И я не нашелся что ответить. Мне оставалось лишь хранить бодрое терпенье: без единого слова отрываться от книги и в ледяных резиновых сапогах скользить под морозной луной или мокрой вьюгой до колонки или до помойки, стараясь поменьше наплескать за голенища, набирать в непроглядной тьме дровяного сарая груду пыльных дров и на ощупь заряжать ими гофрированную печь, греметь на электричке в Терийоки менять газовые баллоны, спрыгивая с платформы, чтобы опередить соперников, ожидая, что однажды алые батискафы не просто лязгнут в рюкзаке за спиной, но еще и взорвутся (или пан, или пропан), и все-таки экономия времени была дороже, я первым добегал до медленной карусели, которую у меня однажды хватило сил остановить, чтобы спасти зажатую ею детскую ножонку, а раз в неделю приходилось греметь туда же в конструктивистскую баню — в перронных отсветах перебираться через тормозные площадки товарных составов (подсаживаю сначала Колдунью, затем Ангела, потом с другой стороны их снимаю)… Иногда приходилось пробираться и под вагонами, если не был прицеплен тепловоз, но Колдунья так трусила, что я прибегал к этому приему лишь в тех случаях, когда состав оказывался необозримым. Однажды мы с Ангелом полюбовались, как солдаты разгружают доски, и через неделю он первым делом спросил меня: «А где солдаты?», — они должны были вечно разгружать свой вагон.

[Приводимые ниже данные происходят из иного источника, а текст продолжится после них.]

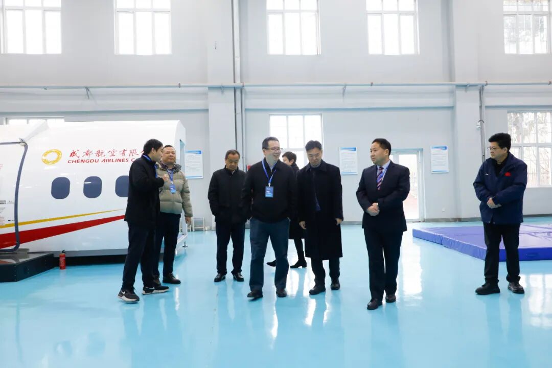 期间,民航西南地区管理局副局长、总工程师李小虎等领导一行在学院领导的陪同下,实地参观了西南航院人文经典校园、领先实训中心、成都航空西南培训中心等核心教学与实训点位,并专程走到“机上处置项目”竞赛现场,观摩选手实战操作,了解竞赛流程与评分细则。领导们对学院优美的育人环境、先进的实训设施、与行业紧密衔接的产教融合模式以及严谨专业的赛事组织工作给予了高度评价,并勉励学院继续发挥办学优势,为民航高质量发展培养、输送更多高素质技术技能人才。

В институте мне тоже сделалось легко. По публикациям я стабильно шел первым, ко мне уже приезжали советоваться из других городов (изредка) и приходили из других отделов (постоянно): Анфантеррибль столько заваливал меня всякой мелочевкой, что понемногу я сделался главным знатоком любой белиберды. Я по-прежнему был счастлив оказаться ему нужным в любом качестве. Но когда исчезала возможность наслаждаться нужностью, я старался насладиться гонимостью: власть гнобит, а знатоки уважают. Так что, когда я вдруг получил бесцветную открытку со штампом о присвоении ученой степени и меня начали поздравлять, я в ответ лишь пожимал плечами — стоит, де, говорить о таких пустяках. Но Фифа понимала меня лучше и сразу заставила поклясться, что докторскую я подавать не буду: «Я же помню, какой ты из Москвы приехал!» Я с облегчением пообещал: ее принцип никогда ничего не просить позволял мне больше не пачкаться. Ведь всякая попытка чего-то домогаться — это грязь, грязь. Так что, когда с пришествием Горбачева партбюро стало меня уговаривать защититься ради какого-то плана, я остался спокойным и упрямым. Это был большой кайф — ни в ком не нуждаться.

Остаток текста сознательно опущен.